Nitrous oxide: Could the laughing gas ban do more harm than good?

The possession of nitrous oxide is to be made illegal under government plans to tackle anti-social behaviour. But what is 'laughing gas' and why is it being banned?

CARDIFF, UNITED KINGDOM - JUNE 27: Used metal canisters of nitrous oxide, also known as hippy crack or happy gas, left on the floor at Roald Dahl Plass in Cardiff Bay following a lockdown party on June 27, 2020 in Cardiff, United Kingdom. The First Minister of Wales Mark Drakeford has announced that all non-essential shops will be allowed to open their doors again in Wales from Monday but people will be asked to continue to
Used metal canisters of nitrous oxide, which has now been banned by the government. (Getty Images)

The possession of nitrous oxide – also known as laughing gas – with the intent of getting high is now illegal.

In an attempt to crackdown on anti-social behaviour, laughing gas has now been made a controlled Class C drug under the Misuse of Drugs Act 1971.

Crime and policing minister Chris Philp has said the new laws represented the government's "zero-tolerance approach towards antisocial behaviour and flagrant drug taking in our public spaces".

However a number of critics have accused the government of acting in a disproportionate manner; ignoring expert advice; and warning the new changes could actually fuel organised crime activity.

The campaigner said the ban will cause "further harm to our families and communities".

What is nitrous oxide, or laughing gas?

Nitrous oxide is a colourless gas that is inhaled directly from the canister or transferred into a balloon, giving the user a short-lived ‘high’.

The drug is popular among young people aged 16-24 and is the second most commonly misused drug after cannabis.

'NOS' - another slang term for laughing gas - is known to slow the brain and body’s natural response, creating a euphoric feeling which ends in episodes of laughter - hence ‘laughing gas’.

Watch: What is laughing gas?

What are the new penalties for laughing gas?

Regular users of the drug could now face up to two years in prison and dealers up to 14 years.

The move was promised as part of the Anti-Social Behaviour Action Plan and those with legitimate reasons could be exempt.

Secondary legislation laid last month will mean users found in possession of nitrous oxide illegitimately, will be committing an offence.

It is commonly used during labour when mixed with gas on pregnant women as a temporary pain relief and in the catering sector, where it's use will be lawful.

Consequences include an unlimited fine, a visible community punishment, a caution which would appear on their criminal record or a prison sentence.

Why is it being banned?

Doctors say a prolonged use of laughing gas can result in vitamin B12 deficiency, nerve damage, spinal injuries, or seizures.

There are also growing concerns of potentially fatal consequences on the UK’s roads from incidents of drug driving.

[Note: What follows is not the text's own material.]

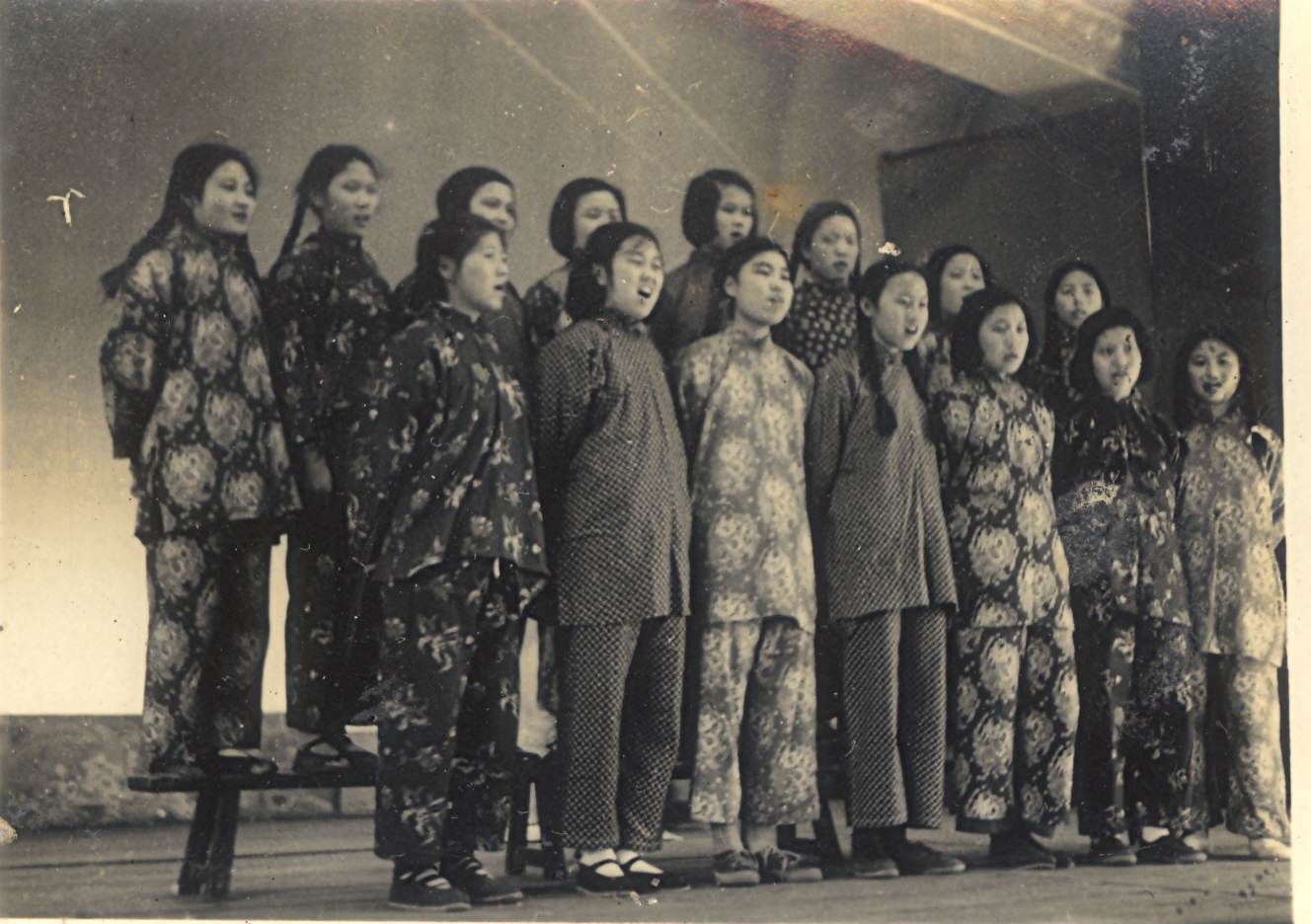 初三乙班参加学校1955年5月第三届文娱会演节目《小车舞》剧照

“Abuse of nitrous oxide is... dangerous to people’s health and today we are sending a clear signal to young people that there are consequences for misusing drugs. Both users and dealers will face the full force of the law for their actions” added Philp.

However, the government is going against a recent recommendation by the Advisory Council on the Misuse of Drugs (ACMD), which advised against new laws to ban nitrous oxide.

Heacham, UK. 31st Jan, 2022. Empty Nitrous oxide canisters, also known as 'Hippy Crack' on the floor at Heacham, Norfolk, UK, on January 31, 2022 Credit: Paul Marriott/Alamy Live News
Empty nitrous oxide canisters found on a UK street. (Alamy)

What do critics say?

Some experts have given a mixed responses from critics.

Professor David Nutt, the director of the neuropsychopharmacology unit in the division of brain sciences at Imperial College London, describes the ban as “unnecessary” and said laughing gas was “less harmful than alcohol”.

Prof Nutt warned the ban could lead to an increased use of alcohol and solvents/lighter fuels by young people.

He added that users should be allowed five "whippets" (the steel cylinder or cartridge filled with nitrous oxide) of personal use and that the government could set up licensed nitrous oxide bars to encourage safe use.

Jane Slater, campaign manager at Anyone’s Child: Families for Safer Drug Control, criticised the government for not listening to experts who had advocated a health-led approach supported by "better use" of existing controls.

She added: “Criminalising possession of nitrous oxide will only give more young people criminal records, make using it more dangerous, fuel organised crime activity, and cause further harm to our families and communities."

Ester Kincová, public affairs and policy manager at Transform Drug Policy Foundation, said that criminalising possession of nitrous oxide will increase health and social harms associated with it, creating "new costs across the criminal justice system”.

She said: “This government appears determined to double down on the political theatre of ‘get tough’ drug policing as part of its anti-social behaviour crackdown. This is in the face of its own expert advice.

To reduce risks, Kincová suggests the government sensibly direct resources towards risk education for vulnerable groups, and “restrict sales of the bigger nitrous canisters that have no legitimate use”.

To reduce litter it could adopt a recycling deposit scheme for nitrous canisters, she added.